● Goal of the exercise
Leave out every picture and set down, exactly, the lines below from the one holding "這是融水苗族自治縣桿洞鄉(x" up to and including the one holding "Thorlabs索雷博 LB4140 双凸透镜".

● Listed entries
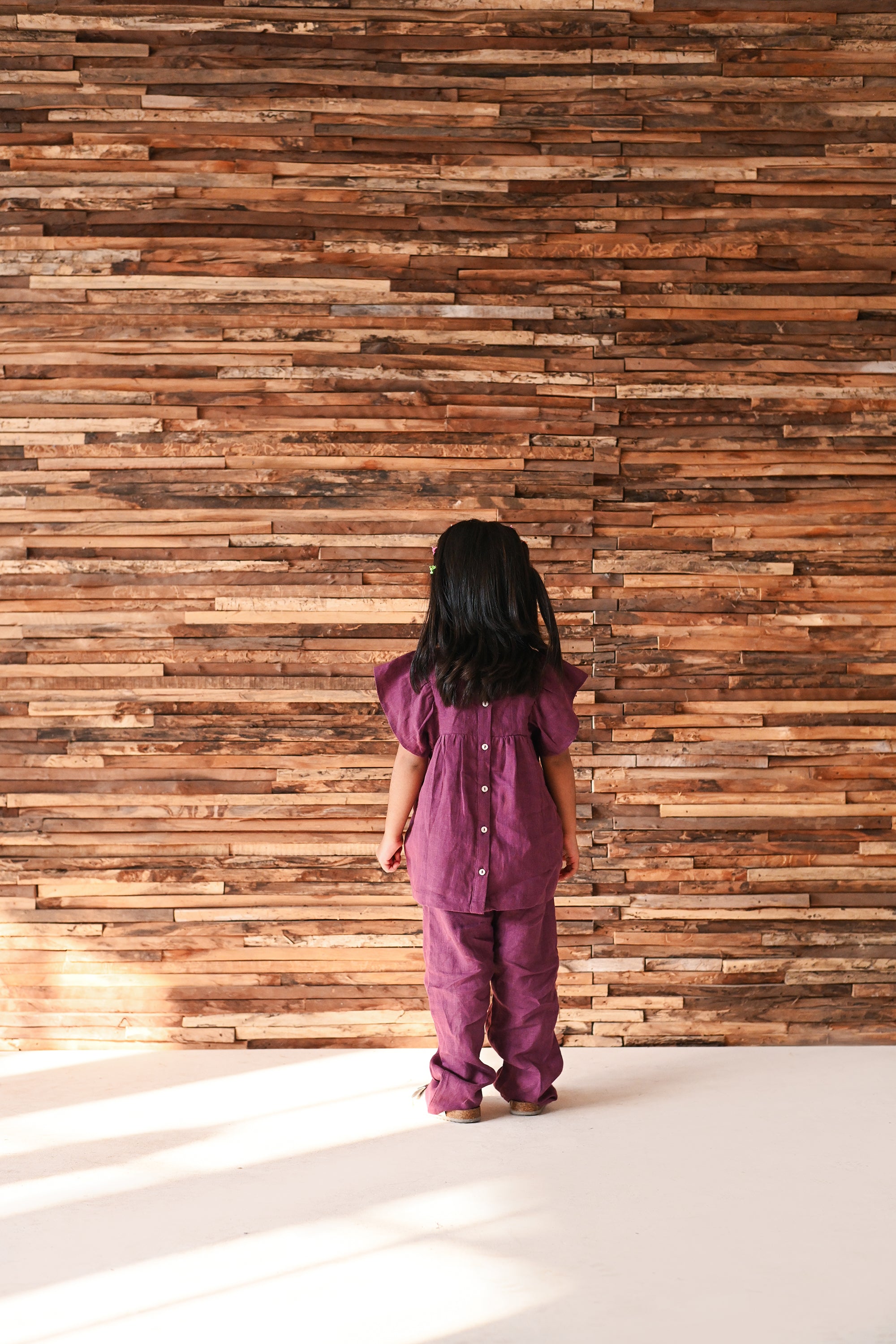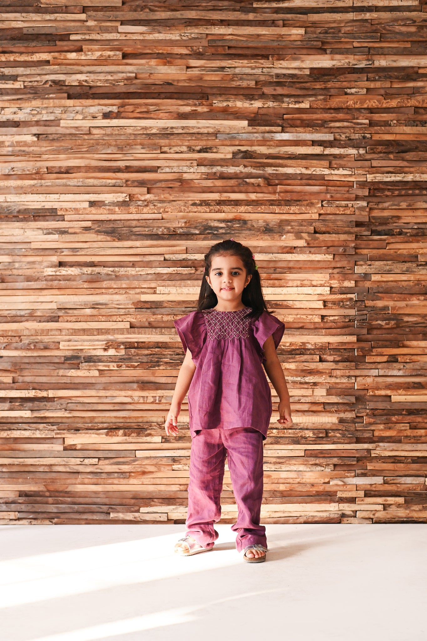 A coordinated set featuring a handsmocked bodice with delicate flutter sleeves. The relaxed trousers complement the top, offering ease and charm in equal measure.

==

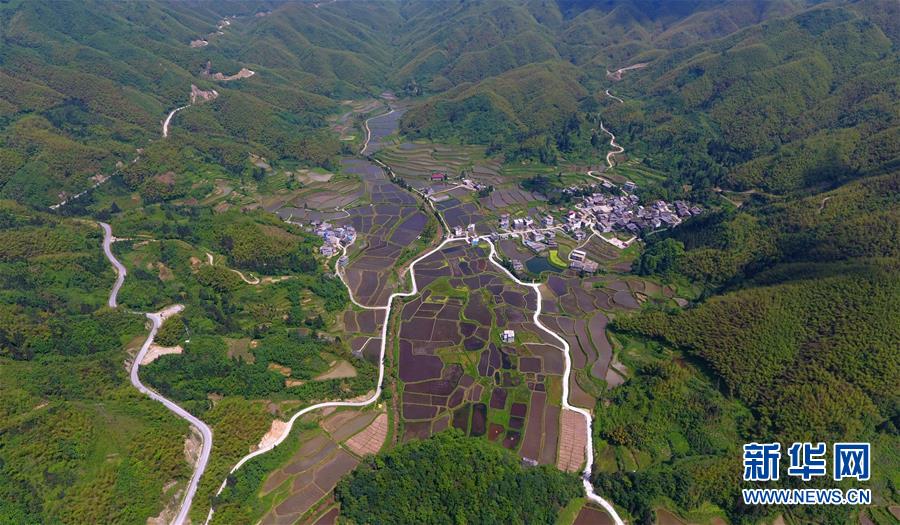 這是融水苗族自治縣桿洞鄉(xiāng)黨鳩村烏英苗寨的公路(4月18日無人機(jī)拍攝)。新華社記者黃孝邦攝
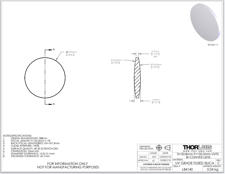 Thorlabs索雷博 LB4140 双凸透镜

● Solution for this problem
 這是融水苗族自治縣桿洞鄉(xiāng)黨鳩村烏英苗寨的公路(4月18日無人機(jī)拍攝)。新華社記者黃孝邦攝
 Thorlabs索雷博 LB4140 双凸透镜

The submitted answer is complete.